Ask the Expert: Sierra Prasada

This week, we’re introducing a new “Ask the Expert” feature on our blog. To kick things off, Sierra Prasada, author of The Creative Compass, talks about writer’s block, inspiration, and “sticky” ideas.

What advice do you have for writers who are suffering from writer’s block or say they lack inspiration?

I’ve felt that. I’ve been there. I think it’s useful to hear that first, especially from another writer.

How many times have I sat down in front of my laptop or a notebook, determined to write something, anything, without something specific in mind? It’s still a frightening moment. What consolation I can muster comes from my memory of past writing sessions, the gap between that awful blank and the point, sometimes just a few minutes later, when… what’s this? I’m writing! Words are streaming from my (proverbial) pen! But what changed?

When I contemplate this gap, sometimes while still very much mired in it, I feel Wonder. Delight. Exhilaration. Most of all, I feel release. And that appears to be the best spur for writing.

(This is a short answer, of course. The longer one is in my book The Creative Compass.)

Where is your favorite place to write and why?

At home. If I’m immersed in something, I can and will write anywhere, but I like to curl up in bed (usually made) with a lap desk or take a seat at the kitchen table, whatever space doesn’t scream “Work!” to me.

I like the silence. I like that I can jump up and take a walk around or do a little dance. I like that I can talk to myself or read something aloud. When I write, I need to let out my inner circus, and I can’t really do that in a café.

When is the best time of day for you to write?

Mornings. I love going into the rest of the day feeling that I’ve accomplished something creative. I find it harder to get started later in the day — though I will say that doing so can be more satisfying because the degree of accomplishment is therefore proportionally greater. That’s my win-win writing schedule.

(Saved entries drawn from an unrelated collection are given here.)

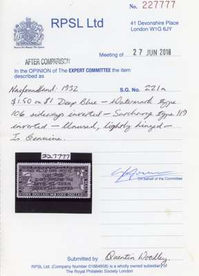 Newfoundland 1932 Air $1.50 on $1 Dornier surcharge inverted
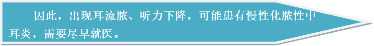注意:这类患者由于存在鼓膜穿孔,外耳道是不能进水的,洗澡或者游泳都会造成耳进水,引发感染。反复的感染就会导致听力逐渐下降。
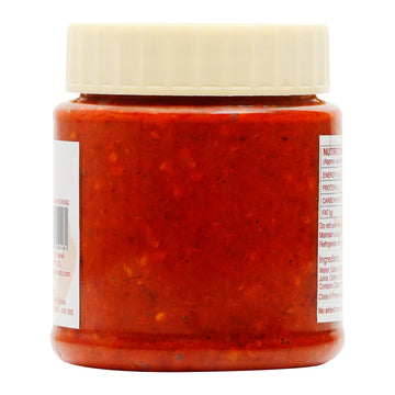 Kohapuri thecha is a fiery and flavorful Maharashtrian condiment originating from the region of Kolhapur in India. It's a potent combination of fresh green or red chilies, garlic, and peanuts or roasted gram dal (chana dal), pounded together into a coarse paste using a mortar and pestle or a grinder.Kohapuri thecha is often served as a side condiment to traditional Maharashtrian meals, particularly with bhakri (a type of flatbread), rice, or with snacks like vada pav or bhajiya. Its intense heat and robust flavor make it a beloved addition to many Indian dishes, adding a delightful kick to every bite.

Do you prefer to handwrite or compose at the keyboard? If you do both, do you find that your writing differs when you type on the keyboard rather than use a pen?

I find that handwriting and typing serve different purposes, in large part because the one provides a change of style and pace from the other. I imagine I’m like many writers in that I often wish I were a creature of routine, but I’m not. I crave variety! When I do write in notebooks, I like them plain. No moleskin for me. I want the ideas to shine, not the paper.

When you get a brilliant thought, phrase, or idea at an inopportune time (while in the shower, in a meeting, or driving, for instance), what do you do?

Is it a sticky idea? If so, it will come running on back. I’m less interested in what seems brilliant in the moment than in what strikes me, again and again, as inevitable.

Of course, I could also say that modern technology has made it easier than ever to record our ideas. So, nowadays, if you prefer to use “adhesive” (i.e., record it), it will take more than a shower, meeting, or car ride to stop you.

What inspires YOU?

I take a lot of inspiration from others’ works of art. It helps me to remember that plays or books or paintings represent someone else’s perspective on the world, that I would treat the same subject matter differently, that I could make it my own. That authors and artists are people, just like me, who take the act of expression seriously.

Who would you say is your greatest writing influence, in terms of your style?

Right now, the ebb and flow of good conversation seems to have the greatest influence on my work. Some say style is rhythm, and I’m most content with anything I’ve written when I feel it trips off the tongue, when the spacing and punctuation hold the balance between expression and silence. I often read what I’ve written aloud, if I can, to another person. So maybe it’s the storyteller as teller that influences me.

Sierra Prasada is the author of two books — Creative Lives: Portraits of Lebanese Artists and The Creative Compass: Writing Your Way from Inspiration to Publication (with Dan Millman). She recently completed a screenplay adaptation of the novel The Journeys of Socrates. In past incarnations, she has reported in the Middle East for print, radio, and television, working in Arabic and English; taught bi-coastal writing and creativity classes; and assistant directed professional theater productions in Washington, D.C. She now writes and improvises in New York City.